At some point, we started granting SLIP and then PPP access to faculty and staff. The students weren't given this sort of access, since it basically meant an unfiltered pipe to the net. Granted, most of the browsing type stuff you'd do back then involved Gopher, Archie and Veronica, but the powers that be decided to stay out of that mess with students entirely. Any student who wanted actual IP connectivity at home could get an account with a local ISP.
This access became rather popular. The students found ways to do things with their shell accounts, and the faculty and staff members really started enjoying their SLIP/PPP access. We started to have a phone line problem.

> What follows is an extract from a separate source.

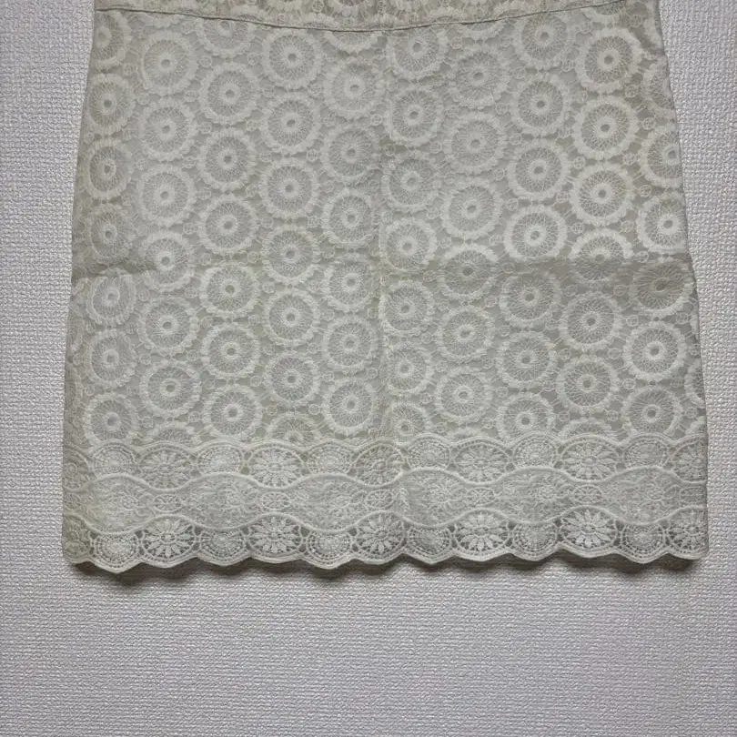 아이보리 레이스 무늬 타이트 스커트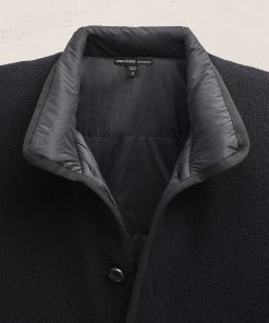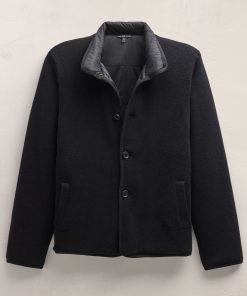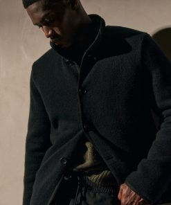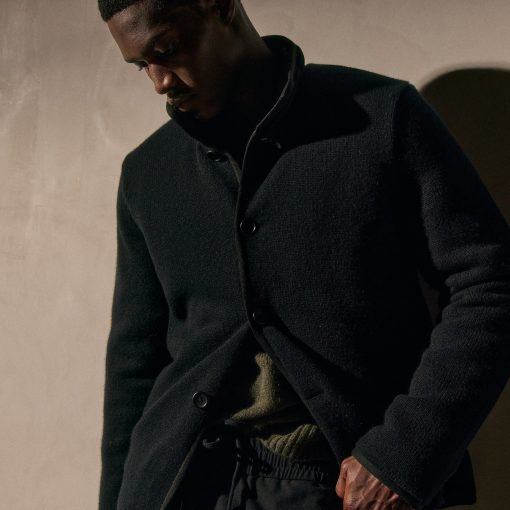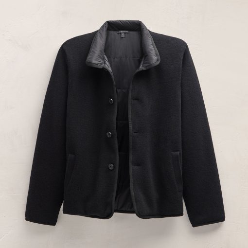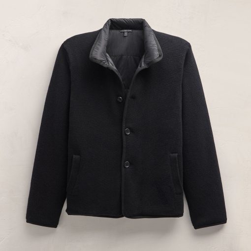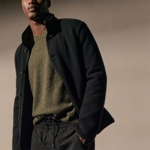 Made from recycled cashmere fibers. Knit with multiple ends creating a lofty, more luxurious hand feel. Button front closure. Suede outer collar. Front welt pockets. Quilted lining.

Initially, that machine had three phone lines and three modems. One was internal and served as our link to the outside world. Yep, we shared a 14400 bps pipe and we liked it! Those other two modems were strictly for incoming users. One, ttya0, was for anyone with an account. The other, ttya1, had a "secret" phone number, and it was a "non-student" line. This didn't last too long.
This same school had hosted an old BBS on Fidonet for a couple of years, and it had pretty much fizzled. There was a juicy phone line just sitting there, and the decision was made: kill this BBS, or at least get it out of the school, and put that line on the Unix box! We did that, and now there were two all-access lines: ttya0 and ttya2. Even that was not enough.
Someone figured out that the school had a bunch of wacky ground start analog phone lines arranged in a pool. If you called the main number, it would ring down through them, and if you pushed 9 for an outside line, the PBX would grab one. Outside of business hours, they really didn't do much. It turned out you could call their real numbers directly and it would just ring that one line and nothing else.
We decided to skip the first lead-in number and the second and started hooking up modems to the remaining lines. Obviously, we couldn't have these things just sitting there screeching at human callers during the day, so there was another hack which worked really well: a timed light switch. This was one of those things you might use to turn lamps on and off when you're on vacation. We threw caution to the wind and put a power strip full of modem bricks behind it.
Every night at 5, those modems would come to life, and the users would pile on. They could do whatever they needed until 6 AM, at which point they would be forcibly disconnected when the modems were powered off.
Finally, we had the kind of dialup pool which could keep up with user demand. That, plus more terminals being installed in classrooms gave people the chance to do what they needed on their own time. Users were happy, and the system had a vibrant little community going.
I bet most people don't get to learn sysadmin skills in high school with real users and real problems and all of that. It's been far more useful than any official computer-related class ever was.